TFE viticulturist Andy Mendez provided information to date on early season spray trials with the system using fungicides for powdery mildew control. TFE is using the technology on an Air-O-Fan air-blast sprayer in a 12 year-old vineyard with fairly uniform canopy growth.  Mendez said a typical fungicide spray application for this vineyard is targeted at 50 gallons per acre (gpa). Using the Smart-Apply system, the first spray of the season used just 23 gpa for more than a 50 percent savings. The second spray of the season saved about 30 percent compared with the target, and the third spray was nearly the same as the conventional spray target. Being concerned about coverage,  TFE did comparison trials for spray deposition using water sensitive paper in the vines with both the Smart-Apply system and conventional spray applications.  Mendez summarized: "Compared with conventional sprayer applications, the coverage is pretty similar, and it looks like we will save more chemical and costs earlier in the season. We had a huge savings in fungicide with the first spray, and good savings with the second spray, but as the canopy grows the amount applied becomes more similar to conventional applications beginning with the third application."

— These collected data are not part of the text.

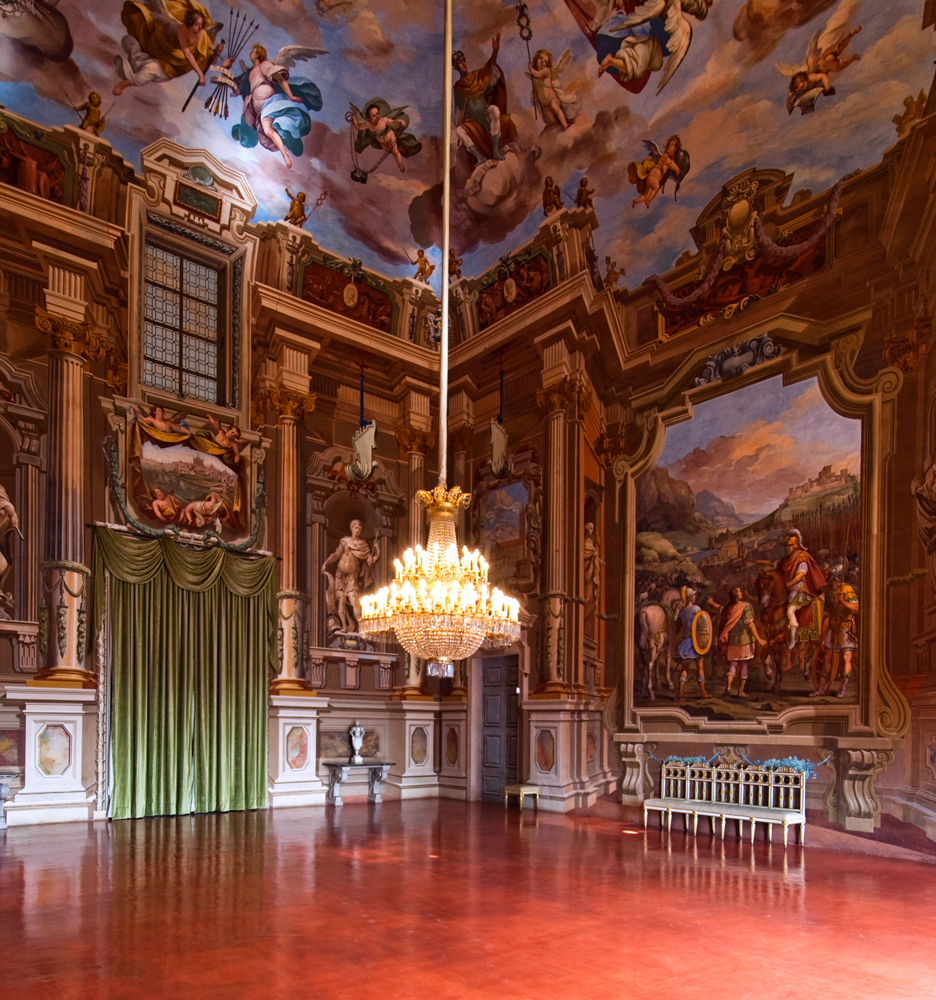Il Salone d’Onore del Castello di Agliè, già denominato Salone da ballo, e ancor prima, Salone d’Arduino, costituisce il cuore della residenza alliadese. Sulle pareti e sulla volta i dipinti eseguiti nel 1665 da Giovan Paolo Recchi e dalla sua bottega raffiguranti i Fasti del re Arduino d’Ivrea, capostipite della dinastia dei San Martino di Agliè.
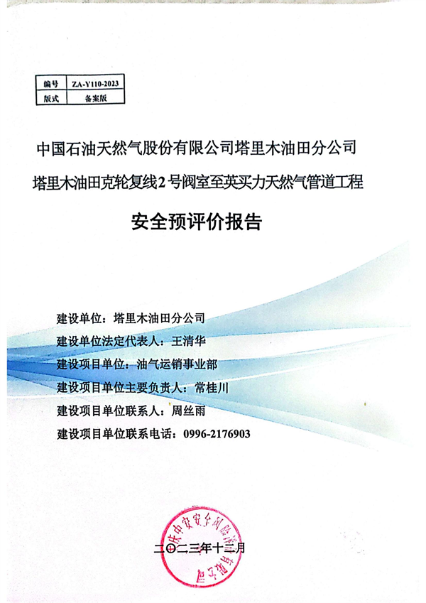 中國(guó)石油天然氣股份有限公司塔里木油田分公司 塔里木油田克輪復(fù)線2號(hào)閥室至英買(mǎi)力天然氣管道工程安全預(yù)評(píng)價(jià)報(bào)告
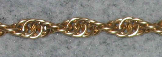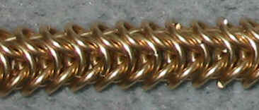 Here we have a French Rope knit, again in the 1/8" gold-filled rings. Note that this knit is not available in 18AWG wire & 1/8" rings, because the knit is just too tight. It will work, however, in 18AWG 3/32"rings. |
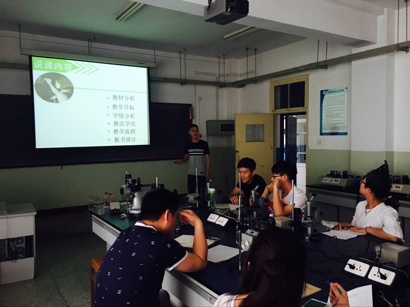 此次校賽要求選手準(zhǔn)備不少于十分鐘不多于十五分鐘的授課內(nèi)容,分為說課和講課兩部分,說課是講解這節(jié)課的授課思路,講課是選取教學(xué)環(huán)節(jié)中一部分內(nèi)容模擬授課。參賽選手經(jīng)過初賽選拔,經(jīng)驗(yàn)更加豐富,而且經(jīng)過精心的準(zhǔn)備,在說課臺(tái)上的他們更加從容,鎮(zhèn)定。從說課部分的大綱簡(jiǎn)述到講課部分的細(xì)致講解,同學(xué)們的思路清晰、表達(dá)清楚,實(shí)驗(yàn)設(shè)計(jì)新奇有趣,演示文稿美觀大方,無一不顯示了我院學(xué)生的優(yōu)秀能力和嚴(yán)謹(jǐn)態(tài)度。

When the system is used in vineyards with missing vines or irregular canopy growth, more savings is expected as the spray system can quickly adjust to canopy differences for variable rate applications. TFE will also test the system in an older vineyard that has less uniform vine growth.

The system software and onboard tablet interfaces with a Smart Guided Systems company web portal that enables users to delineate vineyard blocks and to store data and maintain records on spray application rates and how much product is applied. This data can be used for completing Pesticide Use Reports with the California Department of Pesticide Regulation. Wood said it took a little time to learn to use the system, especially for those new to precision agriculture technology and variable rate application systems. He also noted the spray system and nozzles need to be calibrated, as with all sprayer units. "The company has been very receptive to feedback from our team," Wood said. 

Belkorp Ag also brought a demo unit to the field day--a Smart-Apply system mounted onto a John Deere Gator 4X4 utility vehicle, complete with a tank and spray nozzles to show the system components and its functionality.